BEGIN

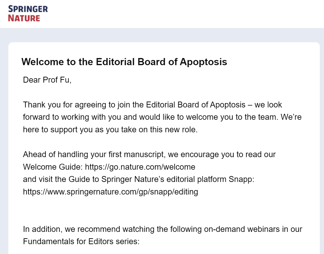 近日,香蕉视频 符雷蕾副教授收到国际程序性细胞死亡权威期刊Apoptosis的正式邀请,已成为该期刊的副主编(Associate Editor)。Apoptosis创刊于1996年,2023年影响因子为6.1,JCR一区/中科院二区。
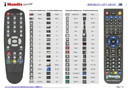 Ein Dokument ist enthalten, um die Verwendung der neuen Fernbedienung zu erleichtern, indem es die Tastenbelegung zeigt.
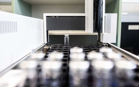 Sample test in vial for Gas chromatography (GC), is a common type of chromatography used in analytical chemistry.
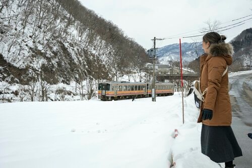 小谷村を走る大糸線は、長野県の松本駅から新潟県の糸魚川駅を結ぶローカル線。村のメイン道路となる国道148号線と同じく、姫川沿いに走行しているため、村内を観光しながらあちこちで列車を目にするタイミングがある。1車両または2車両のこじんまりとした列車が、鉄橋を通って川を越えたり、雪景色の中を走ったりする姿が愛らしい。雪景色と列車は写真映えもするので、時刻表をチェックして列車が見えるポイントで待ち構えておくのもおすすめだ。
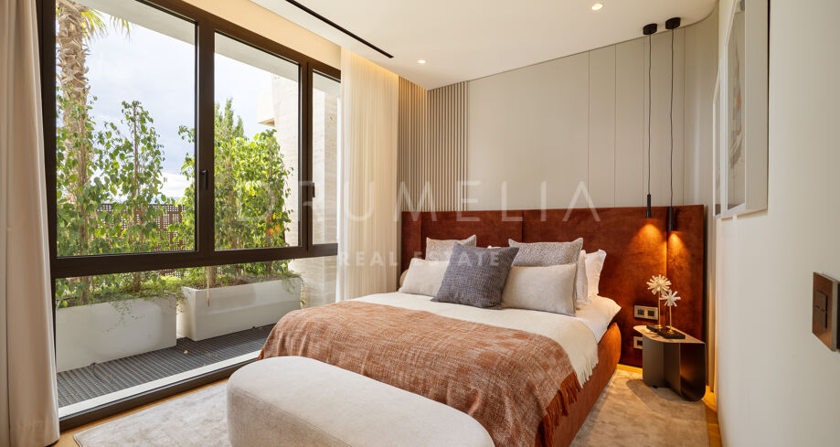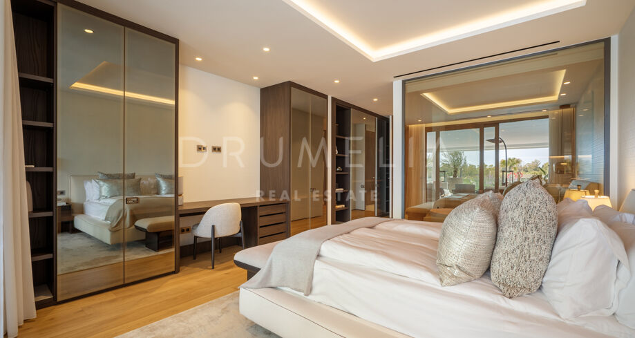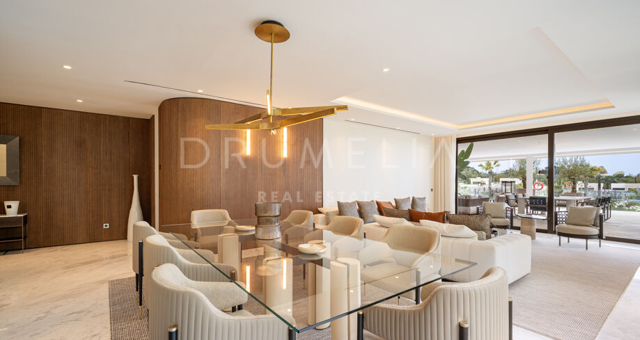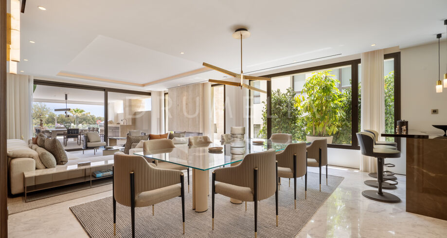 Apartament dwupoziomowy na parterze zaprojektowany przez FENDI CASA z prywatną strefą rozrywki na Złotej Mili w Marbelli
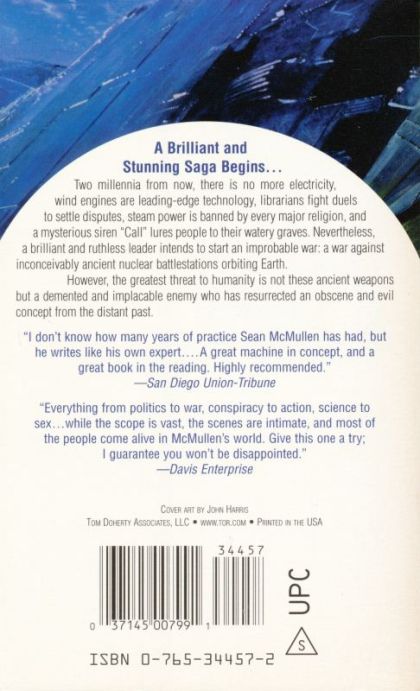 The great Calculor of Libris was forced to watch as Overmayor Zarvora had four of its components lined up against a wall and shot for negligence. Thereafter, its calculations were free from errors, and that was just as well-for only this strangest of calculating machines and its two thousand enslaved components could save the world from a new ice age. And all the while a faint mirrorsun hangs in the night sky, warning of the cold to come. In Sean McMullen's glittering, dynamic, and exotic world two millennia from now, there is no more electricity, wind engines are leading-edge technology, librarians fight duels to settle disputes, steam power is banned by every major religion, and a mysterious siren "Call" lures people to their death. Nevertheless, the brilliant and ruthless Zarvora intends to start a war in space against inconceivably ancient nuclear battle stations. Unbeknownst to Zarvora, however, the greatest threat to humanity is neither a machine nor a force but her demented and implacable enemy Lemorel, who has resurrected an obscene and evil concept from the distant past: Total War. Souls in the Great Machine is the first volume of Sean McMullen's brilliant future history of the world of Greatwinter
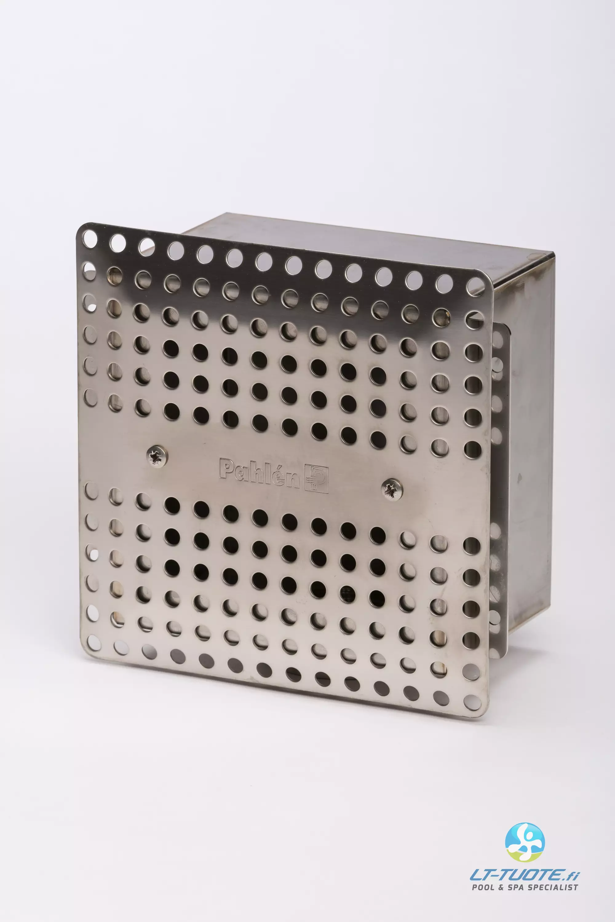 Haponkestävästä teräksestä (AISI-316L) valmistettu pohjakaivo uima-altaaseen.
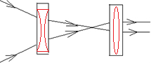 通过第一个透镜的光线比起入射光线更加远离主光轴,所以该透镜对光线有发散作用,因此填凹透镜.

END

BRIEF -> Should a picture appear among the entries, skip it and copy the rest exactly.

THE ANSWER ->
 近日,香蕉视频 符雷蕾副教授收到国际程序性细胞死亡权威期刊Apoptosis的正式邀请,已成为该期刊的副主编(Associate Editor)。Apoptosis创刊于1996年,2023年影响因子为6.1,JCR一区/中科院二区。
 Ein Dokument ist enthalten, um die Verwendung der neuen Fernbedienung zu erleichtern, indem es die Tastenbelegung zeigt.
 Sample test in vial for Gas chromatography (GC), is a common type of chromatography used in analytical chemistry.
 小谷村を走る大糸線は、長野県の松本駅から新潟県の糸魚川駅を結ぶローカル線。村のメイン道路となる国道148号線と同じく、姫川沿いに走行しているため、村内を観光しながらあちこちで列車を目にするタイミングがある。1車両または2車両のこじんまりとした列車が、鉄橋を通って川を越えたり、雪景色の中を走ったりする姿が愛らしい。雪景色と列車は写真映えもするので、時刻表をチェックして列車が見えるポイントで待ち構えておくのもおすすめだ。
 Apartament dwupoziomowy na parterze zaprojektowany przez FENDI CASA z prywatną strefą rozrywki na Złotej Mili w Marbelli
 The great Calculor of Libris was forced to watch as Overmayor Zarvora had four of its components lined up against a wall and shot for negligence. Thereafter, its calculations were free from errors, and that was just as well-for only this strangest of calculating machines and its two thousand enslaved components could save the world from a new ice age. And all the while a faint mirrorsun hangs in the night sky, warning of the cold to come. In Sean McMullen's glittering, dynamic, and exotic world two millennia from now, there is no more electricity, wind engines are leading-edge technology, librarians fight duels to settle disputes, steam power is banned by every major religion, and a mysterious siren "Call" lures people to their death. Nevertheless, the brilliant and ruthless Zarvora intends to start a war in space against inconceivably ancient nuclear battle stations. Unbeknownst to Zarvora, however, the greatest threat to humanity is neither a machine nor a force but her demented and implacable enemy Lemorel, who has resurrected an obscene and evil concept from the distant past: Total War. Souls in the Great Machine is the first volume of Sean McMullen's brilliant future history of the world of Greatwinter
 Haponkestävästä teräksestä (AISI-316L) valmistettu pohjakaivo uima-altaaseen.
 通过第一个透镜的光线比起入射光线更加远离主光轴,所以该透镜对光线有发散作用,因此填凹透镜.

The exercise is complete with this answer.